I'm trying to do some webscraping of the IMDB with rvest, and I often encounter a problem with the language output, probably due to my location in Japan.
For example, when trying to scrape the movie titles from this page:
https://www.imdb.com/chart/top/?ref_=nv_mv_250
with the following code:
library(rvest)
library(tidyverse)
url <- "https://www.imdb.com/chart/top/?ref_=nv_mv_250"
read_html(url) %>%
html_nodes(".titleColumn a") %>%
html_text() %>%
tibble(title = .) %>%
head()
The result is a mixture of English and Japanese titles of the movies romanized:
title
<chr>
1 Shôshanku no sora ni
2 Goddofâzâ
3 The Godfather: Part II
4 Dâku naito
5 12 Angry Men
6 Schindler's List
This is the case even though the text on my screen, and even when I inspect the elements using Chrome's developer tools, are all in English.
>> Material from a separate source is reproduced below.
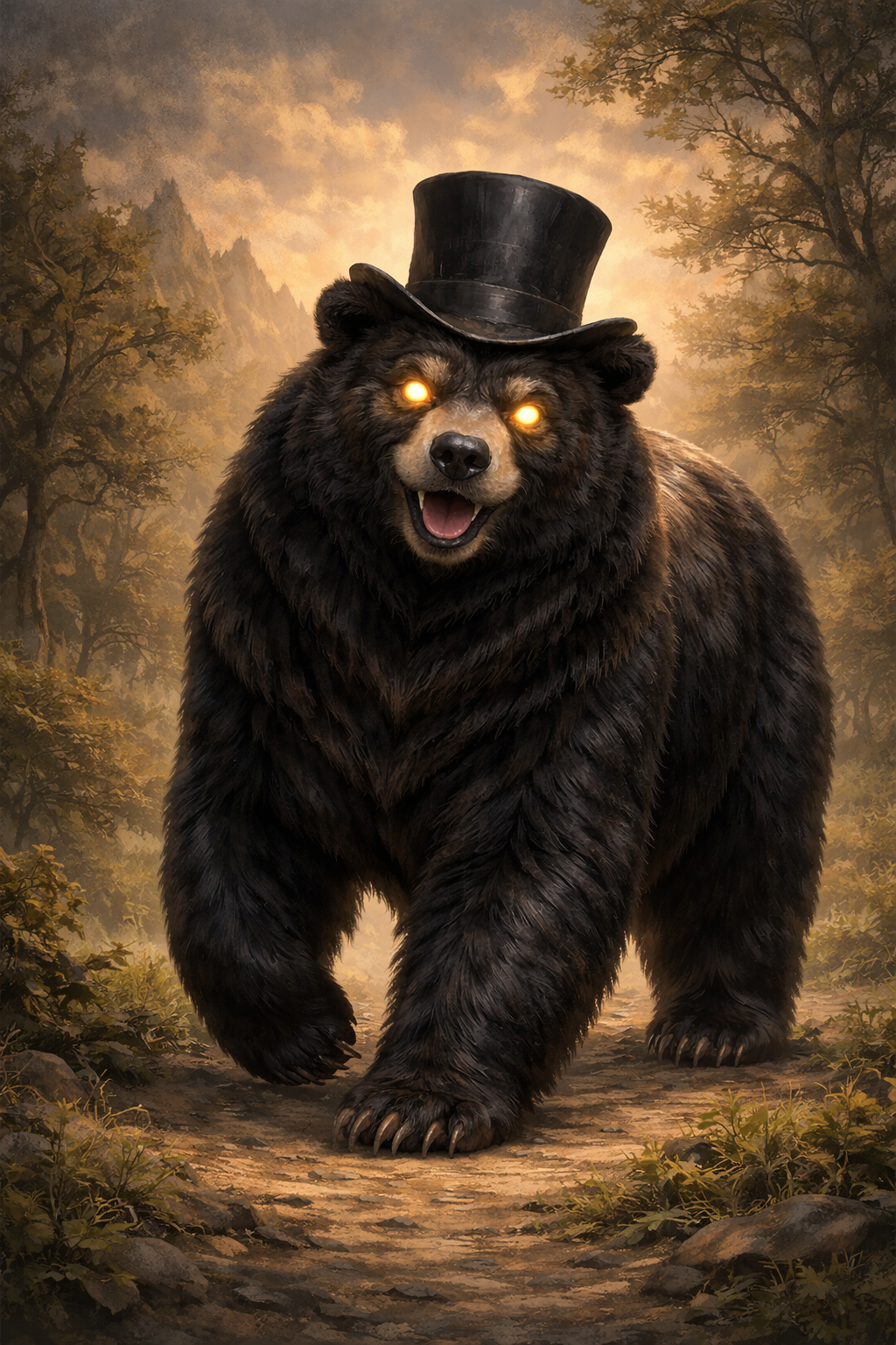 Trien was a great black bear, often depicted in imagery and poetry wearing a top hat. Folk barely remember him, let alone why he always seems to wear a hat. His smaller, black and brown descendants walk the orb, but rarely venture near towns and cities anymore.
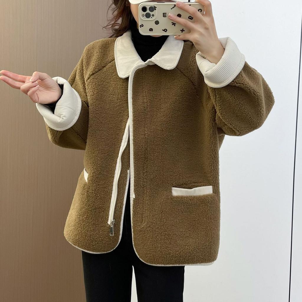 Женская и зимняя куртка из овечьей шерсти с контрастными лацканами, модный свободный повседневный короткий цельный топ — купить товар онлайн с бесплатной доставкой по всему миру!

I guess the issue is similar to the one posted on SO here with reference to scraping using PHP.
Is there a way to request English output, preferably in a tidyverse friendly pipe chain?
Try,
library(rvest)
library(tidyverse)
library(httr)
GET(url = 'https://www.imdb.com/chart/top/?ref_=nv_mv_250'
, add_headers(.headers = c('user_agent'= 'Mozilla/5.0 (Windows NT 10.0; Win64; x64) AppleWebKit/537.36 (KHTML, like Gecko) Chrome/96.0.4664.45 Safari/537.36'
, 'Accept_language' = 'en-US,en;q=0.9'))) %>%
read_html() %>%
html_nodes(".titleColumn a") %>%
html_text() %>%
tibble(title = .) %>%
head()
# A tibble: 6 x 1
title
<chr>
1 The Shawshank Redemption
2 The Godfather
3 The Godfather: Part II
4 The Dark Knight
5 12 Angry Men
6 Schindler's List